Sickle Cell Disease is a blood disorder inherited from parents who are carriers of the sickle cell gene and is the most common inherited blood disease in the United States. With Sickle Cell, red blood cells are shaped like a half-moon and struggle to move through the blood vessels, causing pain and interfering with oxygen delivery throughout the body. At MetroHealth, we focus on early treatment to prevent lasting damage, and supportive care to decrease pain.

 

Sickle Cell Disease is common among people of Black, Arab, or Indian descent.

Symptoms include:

  • Pain in the joints or sudden chest pain
  • Dizziness
  • Fatigue
  • Difficulty breathing
  • Fever
  • Swelling of hands and feet
  • Frequent infections
  • Vision problems, including yellowing of the eye

 

Preventing lasting damage through early diagnoses

Sickle Cell Disease is diagnosed through a blood test. In the United States, screening is provided at birth, and pediatricians work with hematologists to identify when to begin treatment. It is important to identify Sickle Cell Disease early to decrease infections and prevent organ damage.

 

Personalized Sickle Cell Disease Treatment

If you have Sickle Cell Disease, it’s important to find the right treatment to limit pain and reduce your risk for stroke or other complications.

At MetroHealth, we provide simple transfusions, partial exchanges, and total exchanges to provide treatment that fits your needs.

Simple transfusions

Typically for children starting treatment, simple blood transfusions are completed monthly for patients with multiple pain crises a year—usually if you are hospitalized 3 times in a year. Patients received non-sickle blood, and this process causes less strain on children than total exchange treatments.

Partial exchange

The partial exchange program at MetroHealth sets our Sickle Cell Disease treatment apart. Exchanges happen in an outpatient clinic every two weeks, and the exchange removes sickled cells and iron, exchanging it for blood with non-sickled cells and less iron. Patients who participate in partial exchange have similar results as total exchange patients without hospitalization or a central line.

Total exchange

Total exchanges happen once per month, and our radiology oncology team inserts a central line that allows your blood to run through a machine that cleans it of iron and sickle cells, replacing it with non sickle blood.

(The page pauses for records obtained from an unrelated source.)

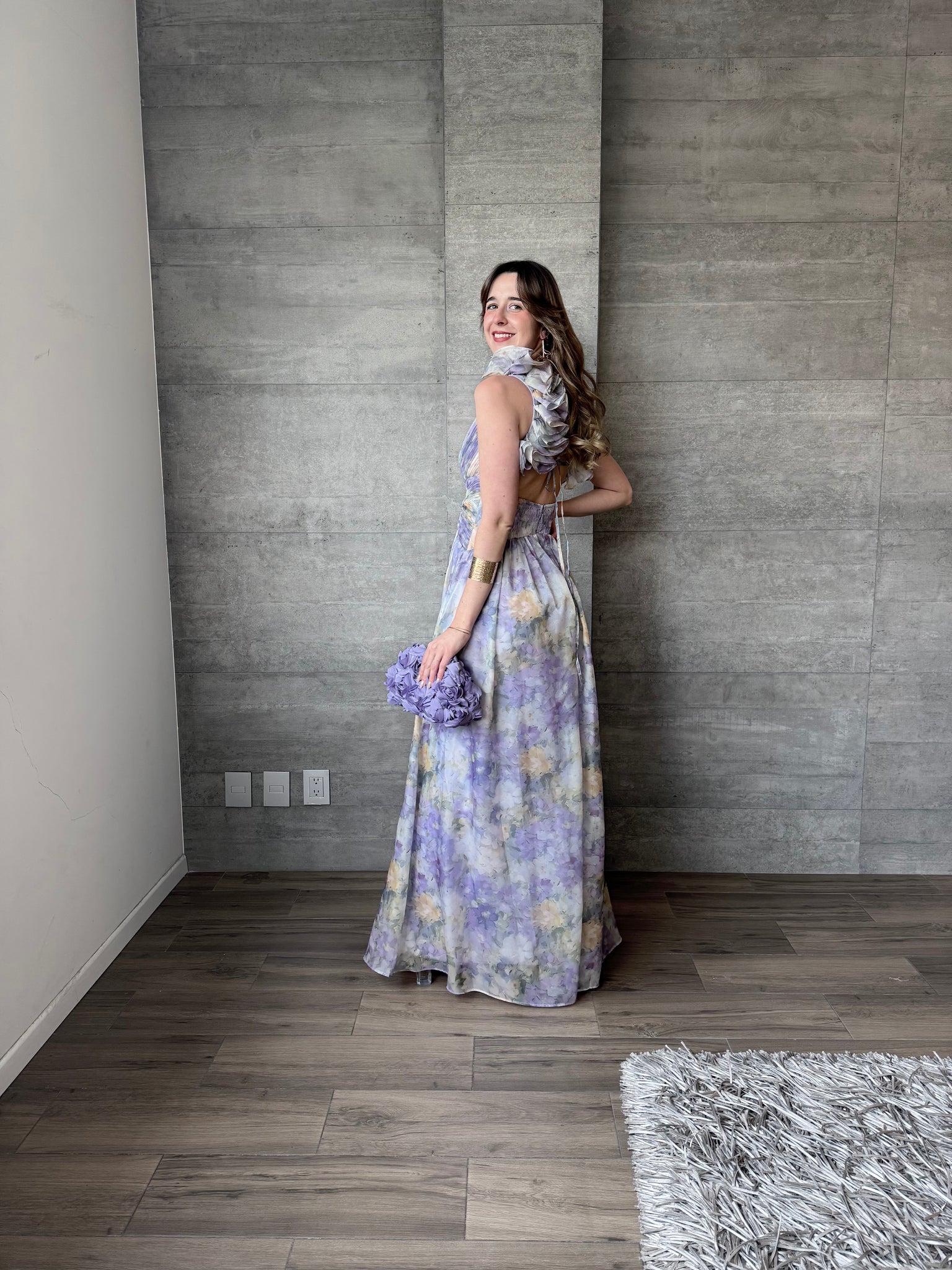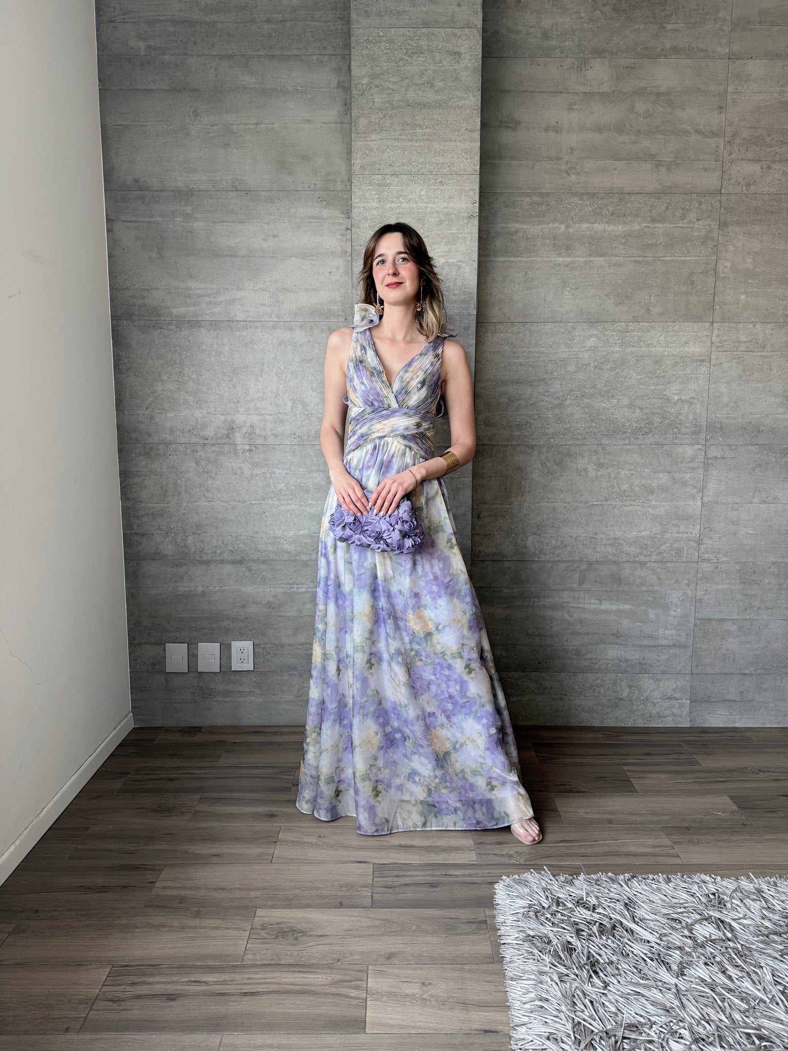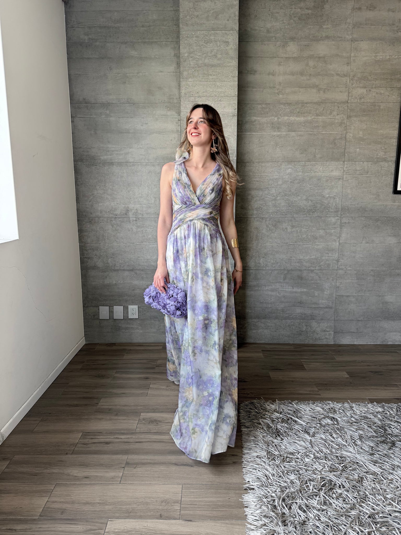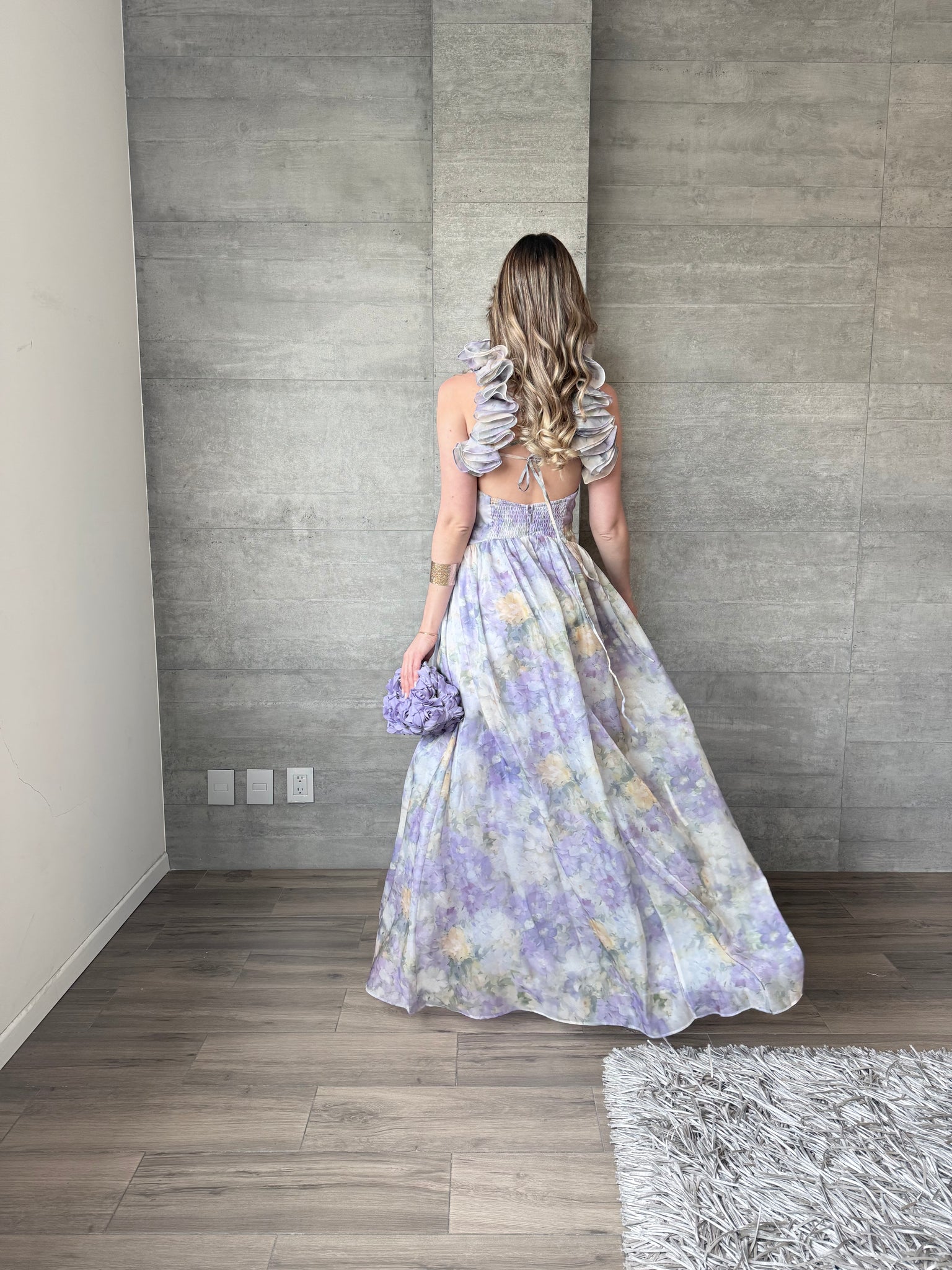 Vestido largo con estampado floral en tonos lavanda. Escote en V, espalda descubierta y detalle sutil de olanes en hombros.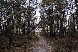 The Huron National Forest is prone to frequent seasonal forest fires, due to ecological and geological factors including the domination of the jack pine in sections the forests, the needles of which are extremely flammable,[2] sandy soil composition as a result of glacial outwash plain geology of sections of the Huron National Forest,[3] and jack pine barrens management practices to create nesting habitat for the Kirtland's warbler resulting in dense, young stands of jack pine that are extremely susceptible to crowning wildfires.[4]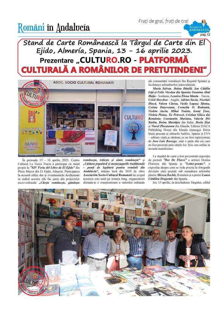 – Stand de Carte Românească la Târgul de Carte din El Ejido, Almería, Spania, 13 – 16 aprilie 2023. Prezentare „CULTURO.RO – PLATFORMĂ CULTURALĂ A ROMÂNILOR DE PRETUTINDENI“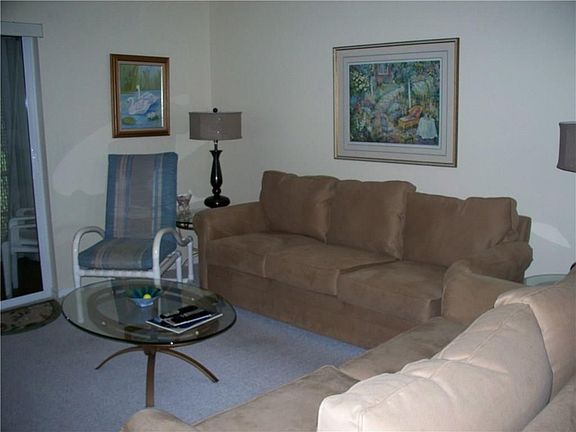 Beautiful second floor unit with a grand golf course view. Mirrored dining room wall. Sliding glass door from living room is impact glass. Access to large screen porch, from living room and master bedroom. Pull down shutters on porch. Furniture is negotiable. Unlimited golf, water/sewer/basic cable all included in maintenance WIFI at the main clubhouse, community pool, 2 fishing piers, 2 clubhouses, bocce, billiard ping pong room, exercise room, library, putting green, shuffleboard. Join the canoe / kayak club too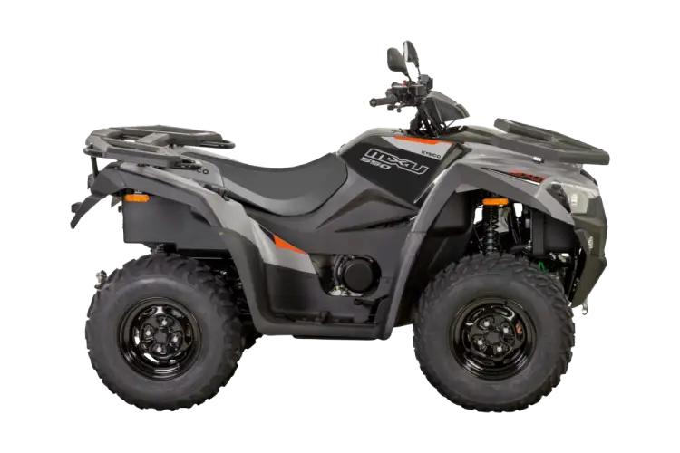 The Kymco MXU 550i EPS is a full-size utility ATV featuring a DOHC 501cc engine, electric power steering, 2,500 lb winch, selectable 2WD/4WD with differential lock, and fully independent suspension.
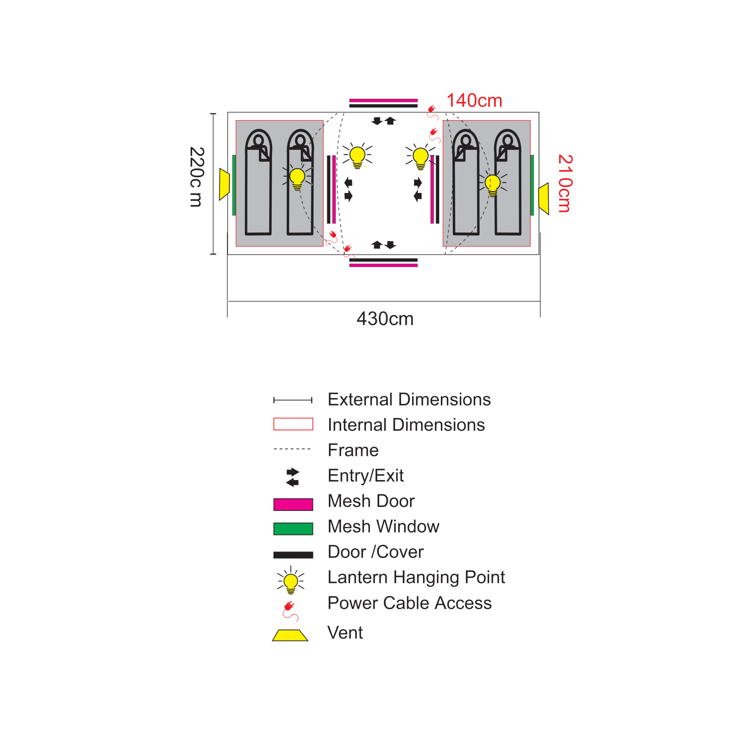 Molemmilla sivuilla sijaitsevat suuret sisäänkäynnit on varustettu sekä mesh- että kangasovilla, ja ne voidaan avata joustavasti tai pystyttää aurinko- tai sadesuojaksi. Yhdessä päätyjen lisätuuletusaukkojen kanssa ne takaavat erinomaisen ilmanvaihdon. Hienosilmäinen No-See-Um-mesh suojaa tehokkaasti hyönteisiltä – erityisen miellyttävää lämpiminä ja kosteina öinä.
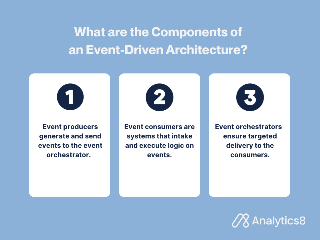 An event-driven architecture has three components: event producers, event consumers, and event orchestrators.
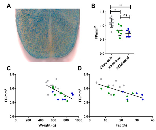 (A) Representative image of anterior tongue, with fungiform papillae the pink regions not taking up methyl blue dye. (B) Fungiform Papillae (FP) density in rats consuming chow-only (grey, n = 9), high-energy diet (HED) then chow (green, n = 7), and HED then HED isocaloric (blue, n = 6). (C) Fungiform papillae (FP) per mm2 (y-axis) versus Weight (g) (x-axis). Chow-only (grey, n = 9), HED then chow (green, n = 7), and HED then HED isocaloric (blue, n = 6). Pearson’s r = −0.646, p = 0.0012. (D) Fungiform papillae (FP) per mm2 (y-axis) versus Body Fat (%) analyzed by DXA scan (x-axis). Chow-only (grey, n = 9), HED then chow (green, n = 7), and HED then HED isocaloric (blue, n = 6). Pearson’s r = −0.655, p = 0.002. ns denotes non significant; * denotes p < 0.05; ** denotes p < 0.01.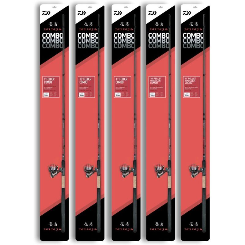Daiwa Ninja Feeder Combos are well matched rod and reel outfits. Manufactured from premium grade carbon fibre blanks, fitted with stainless steel titanium oxide rings and high quality DPS downlocking reel seats. The shorter 9ft model is perfect for scratching for delicate bites on commercial venues in the colder months, while the longer models are ideal for distance fishing on a range of waters. The 3000 sized Daiwa Ninja match & feeder reel is ideal for use with mono and braided mainlines and with a smooth winding action enhanced with 4 Ball Bearings and an Infinite Anti-Reverse. The graphite body combined with Air Rotor saves weight and the enhanced rotor shape aids their performance under load. All assisted by a geared down retrieve for higher winding power.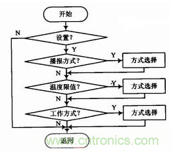 可設(shè)置的參數(shù)主要有,播報(bào)方式:“連續(xù)、隔x秒、禁止”;報(bào)警溫度值;工作方式等。在需要實(shí)時(shí)關(guān)注溫度值的時(shí)候,可以設(shè)置為連續(xù)播報(bào);溫度變化較慢的時(shí)候可以設(shè)置為隔x秒方式;夜晚設(shè)置報(bào)警模式后,可以設(shè)置為禁止播報(bào)模式。設(shè)置報(bào)警溫度值后可以,可以處理其他事情,在出現(xiàn)警情時(shí),系統(tǒng)給出報(bào)警,提示用戶。選擇工作方式為“聯(lián)網(wǎng)工作”后,系統(tǒng)除了現(xiàn)場(chǎng)播報(bào)和報(bào)警外,還將相應(yīng)信息通過異步串行口發(fā)送到遠(yuǎn)端。設(shè)置過程全部采用語音菜單方式,可以大幅度較低成本,設(shè)置流程圖如圖2所示。

MetroHealth can also recommend gene therapy and bone marrow transplant options to treat—and potentially cure—Sickle Cell Disease.

 

A Lifetime of Support

Sickle Cell Disease must be managed throughout a patient’s life. Our goal is to keep the percentage of sickle cells below 30%, and medication can help once transfusions and exchanges have reduced the amount of crises.

 

Sickle Cell in the Home

At MetroHealth, we’re dedicated to finding innovative ways to care for you. Through our Sickle Cell in the Home program, hospitalized Sickle Cell Disease patients are discharged 4-8 days early to continue inpatient care and pain management in their own home.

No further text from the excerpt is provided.